The sub-techniques beta is now live! Read the release blog post for more info.


Bisonal is malware that has been used in attacks against targets in Russia, South Korea, and Japan. It has been observed in the wild since 2014. [1]

ID: S0268
Platforms: Windows
Version: 1.0
Created: 17 October 2018
Last Modified: 17 October 2018

Techniques Used

Domain ID Name Use
Enterprise T1059 Command-Line Interface

Bisonal can launch cmd.exe to execute commands on the system.[1]

Enterprise T1043 Commonly Used Port

Bisonal uses 443 for C2 communications.[1]

Enterprise T1024 Custom Cryptographic Protocol

Bisonal variants reported on in 2014 and 2015 used a simple XOR cipher for C2.[1]

Enterprise T1140 Deobfuscate/Decode Files or Information

Bisonal decodes strings in the malware using XOR and RC4.[1]
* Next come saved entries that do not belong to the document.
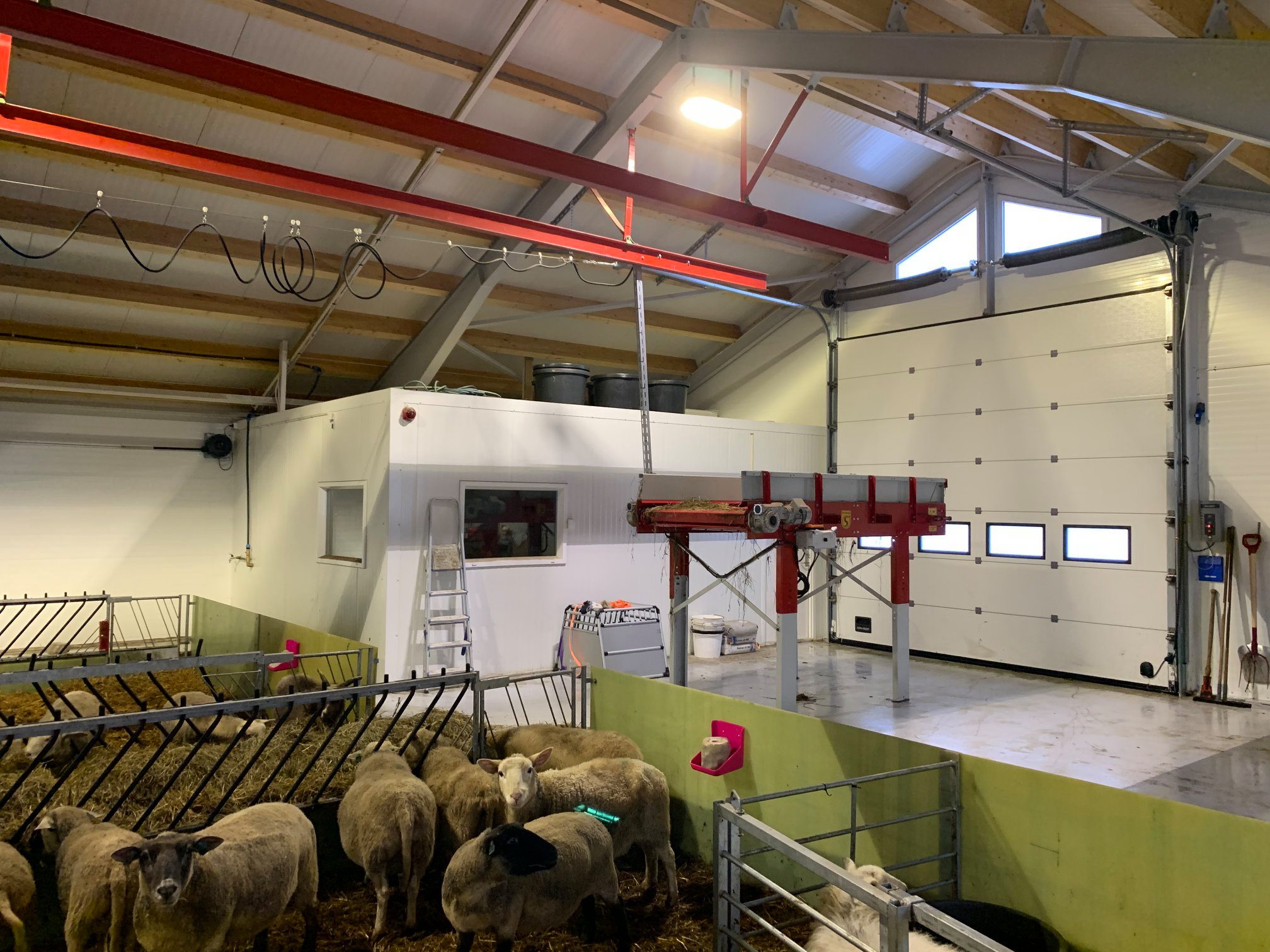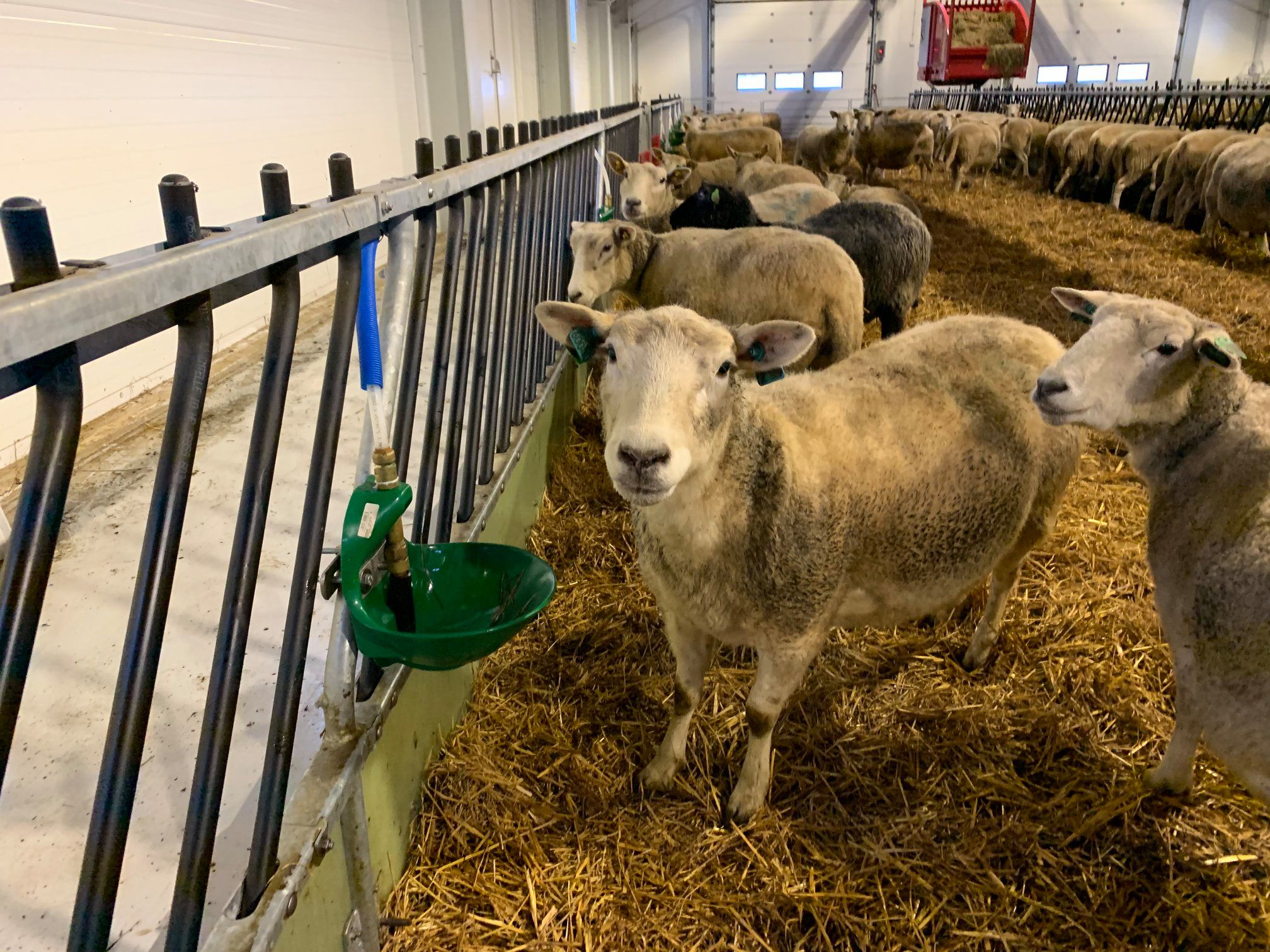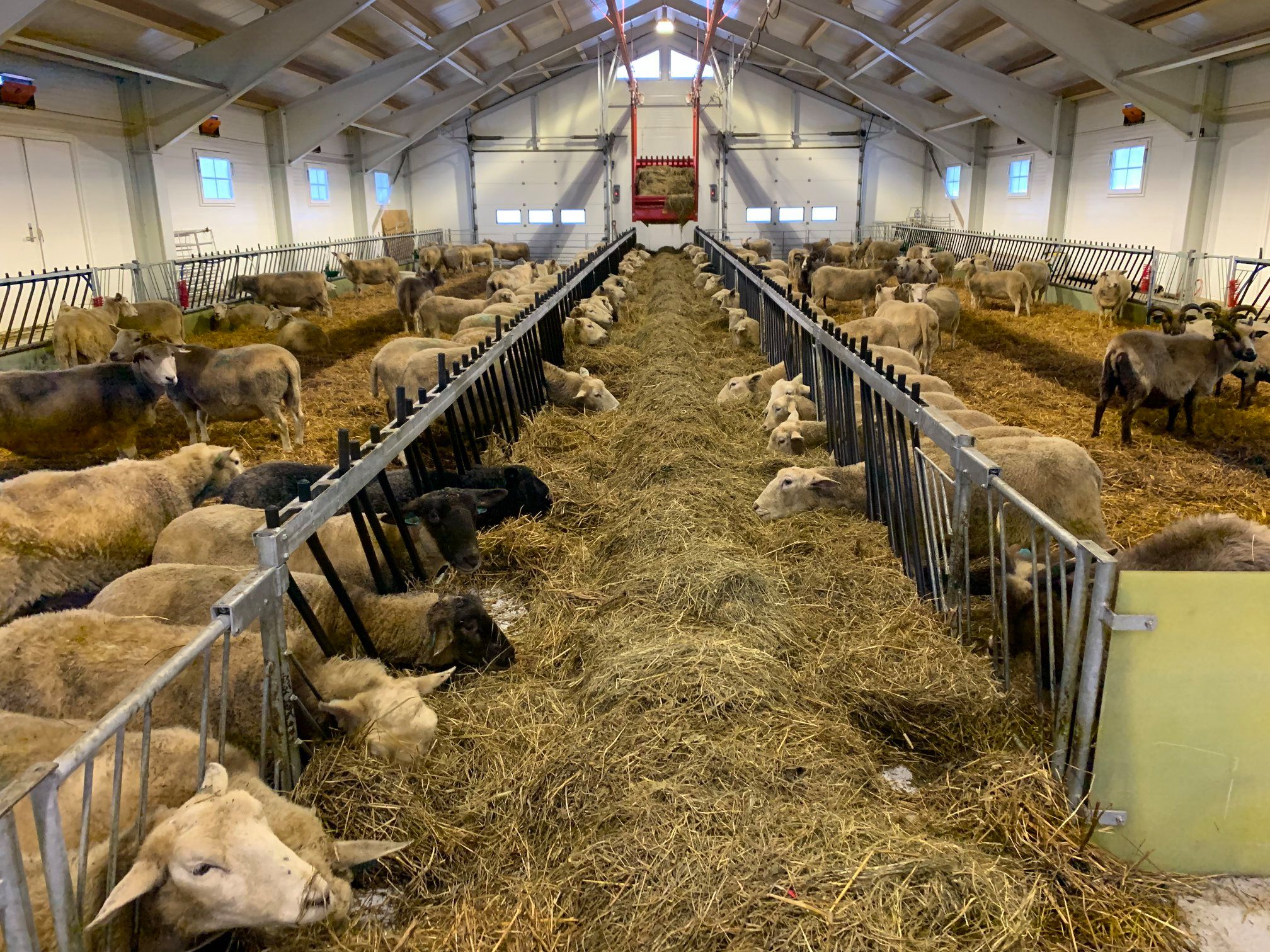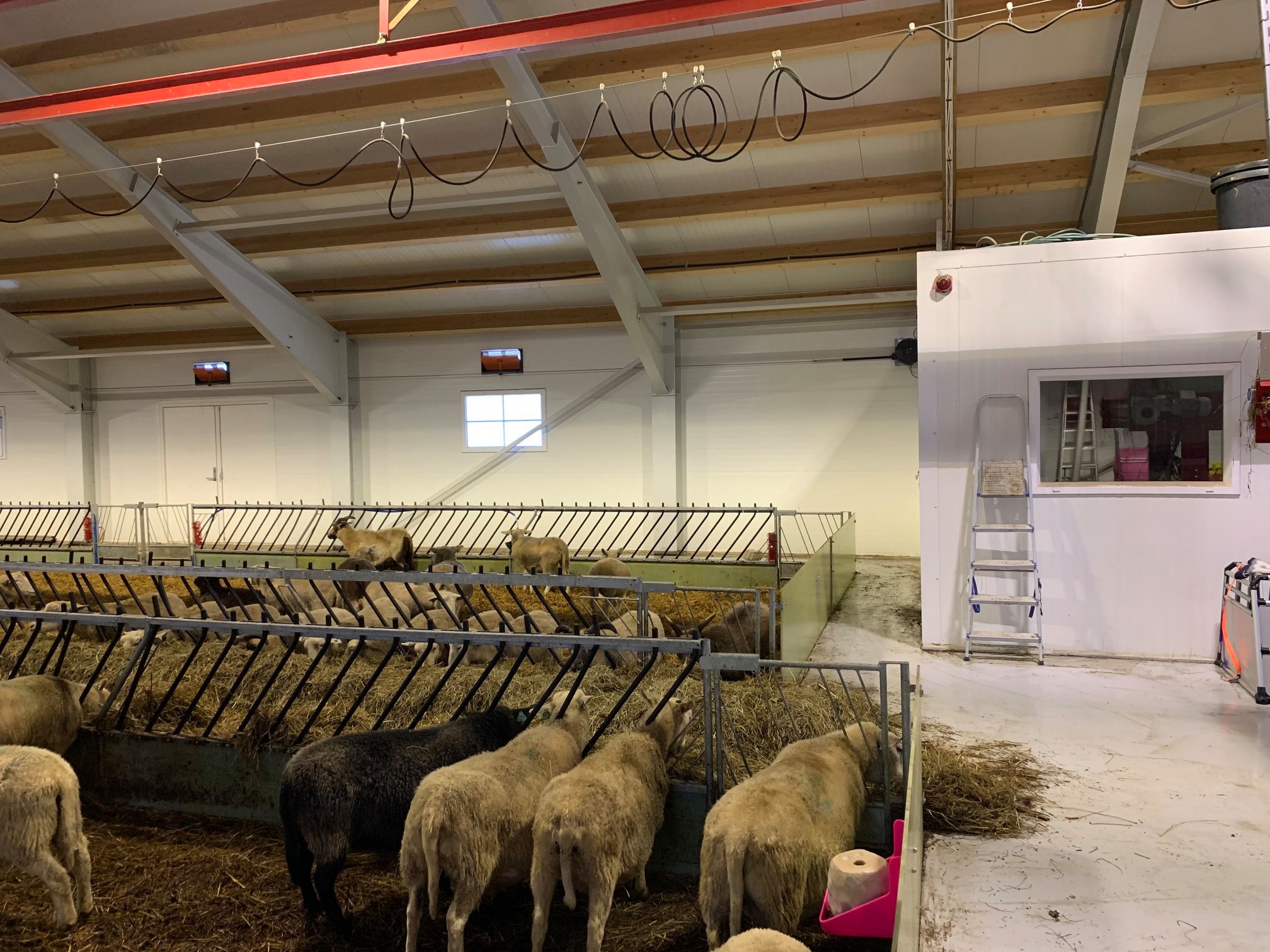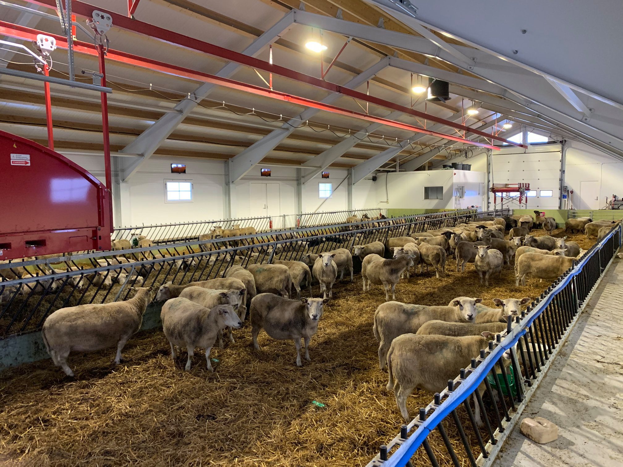 Dette er en totalleveranse fra Fjøssystemer og Fjøssystemer Bygg. Sauen har det romslig og godt med lun og god talle.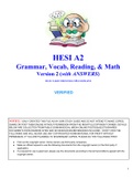 HESI A2 Grammar, Vocab, Reading, & Math Version 2 GRADE A+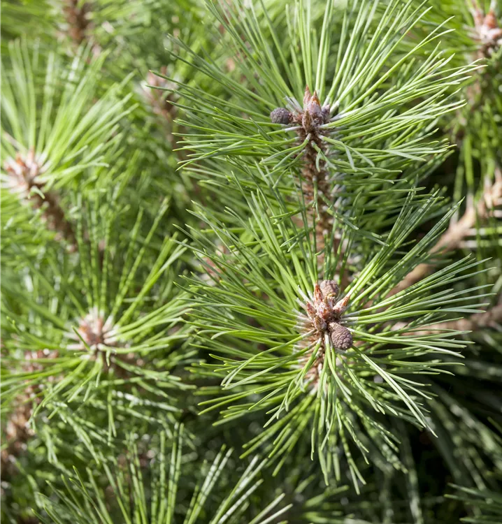 Die Kugelkiefer 'Pierrick Brégeon' (Pinus nigra) ist ein Kleinstrauch, welcher kompakt wächst und gewöhnlich eine Höhe von ca. 1,5 m und eine Breite von ca. 1,5 m erreicht. Ihre nadelförmigen Blätter haben eine dunkelgrüne Färbung. Dekorative braune Zapfen zieren Pinus nigra 'Pierrick Brégeon' ab September. Dieses Gehölz ist gut frostverträglich.Sie bevorzugt durchlässigen, kalkhaltigen, sandigen Boden in sonniger Lage.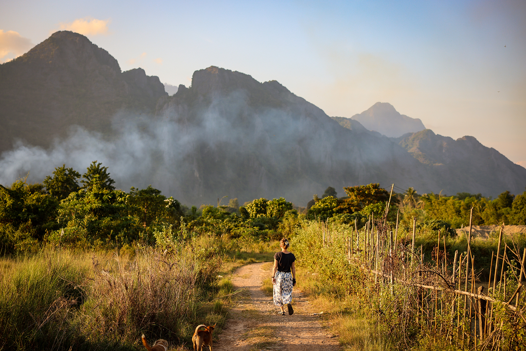 One morning while staying in Vang Vieng, we walked a couple of blocks from our accommodation to have breakfast. While eating our mango and omelets, H looked across the street: “Why are there those random clothes hanging on the dirty fence? Are they for sale, or like what’s going on?”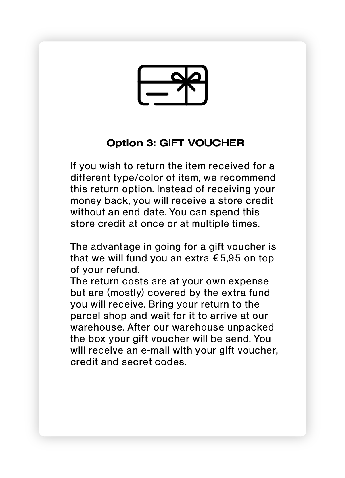 Wir haben ein Rückgaberecht, von dem sowohl du als auch unser Planet profitieren. Bei der Rückgabe von Artikeln wird eine Gebühr von 5,40 € (NL) erhoben, mit der du bis zu 2 Artikel ohne zusätzliche Kosten zurückgeben kannst. Willst du mehr als 2 Artikel zurückgeben? Für jeden weiteren Artikel zahlst du einen Beitrag von 0,99 €.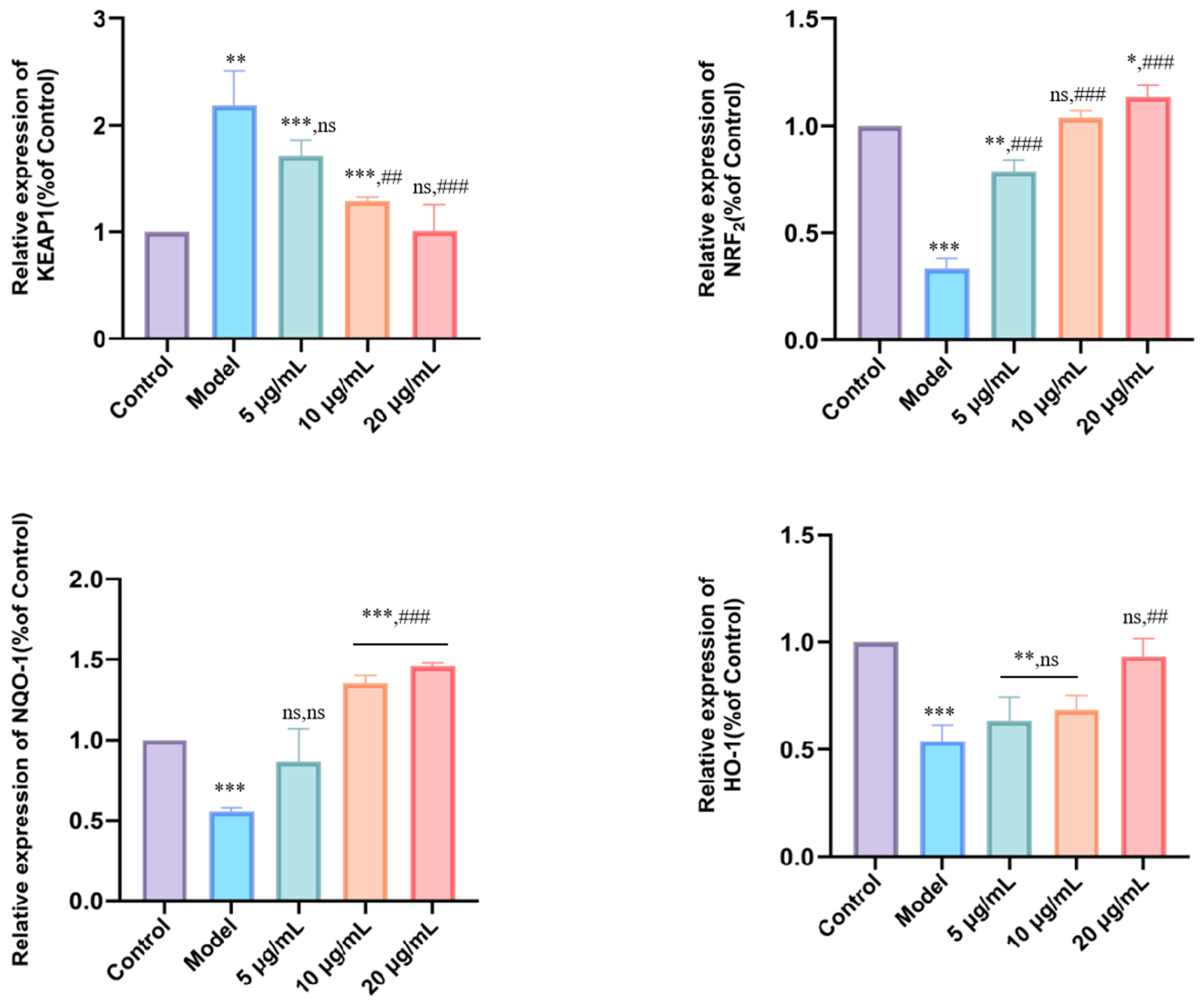 Figure 7. Effect of DMP-NP1 on genes related to oxidative stress pathway. (n = 5) (Compared with the control group, * p < 0.05, ** p < 0.01, *** p < 0.001, ns represents no significant difference; Compared with the model group, ## p < 0.01, ### p < 0.001, ns represents no significant difference).

Enterprise T1107 File Deletion

Bisonal deletes its dropper and VBS scripts from the victim’s machine.[1]

Enterprise T1027 Obfuscated Files or Information

Bisonal's DLL file and non-malicious decoy file are encrypted with RC4.[1]

Enterprise T1057 Process Discovery

Bisonal can obtain a list of running processes on the victim’s machine.[1]

Enterprise T1060 Registry Run Keys / Startup Folder

Bisonal adds itself to the Registry key HKEY_CURRENT_USER\Software\Microsoft\CurrentVersion\Run\ for persistence.[1]

Enterprise T1105 Remote File Copy

Bisonal has the capability to download files to execute on the victim’s machine.[1]

Enterprise T1085 Rundll32

Bisonal uses rundll32.exe to execute as part of the Registry Run key it adds: HKEY_CURRENT_USER \Software\Microsoft\Windows\CurrentVersion\Run\"vert" = "rundll32.exe c:\windows\temp\pvcu.dll , Qszdez".[1]

Enterprise T1064 Scripting

Bisonal's dropper creates VBS scripts on the victim’s machine.[1]

Enterprise T1071 Standard Application Layer Protocol

Bisonal uses HTTP for C2 communications.[1]

Enterprise T1032 Standard Cryptographic Protocol

Some Bisonal samples encrypt C2 communications with RC4.[1]

Enterprise T1082 System Information Discovery

Bisonal has a command to gather system information from the victim’s machine.[1]

Enterprise T1016 System Network Configuration Discovery

Bisonal can execute ipconfig on the victim’s machine.[1]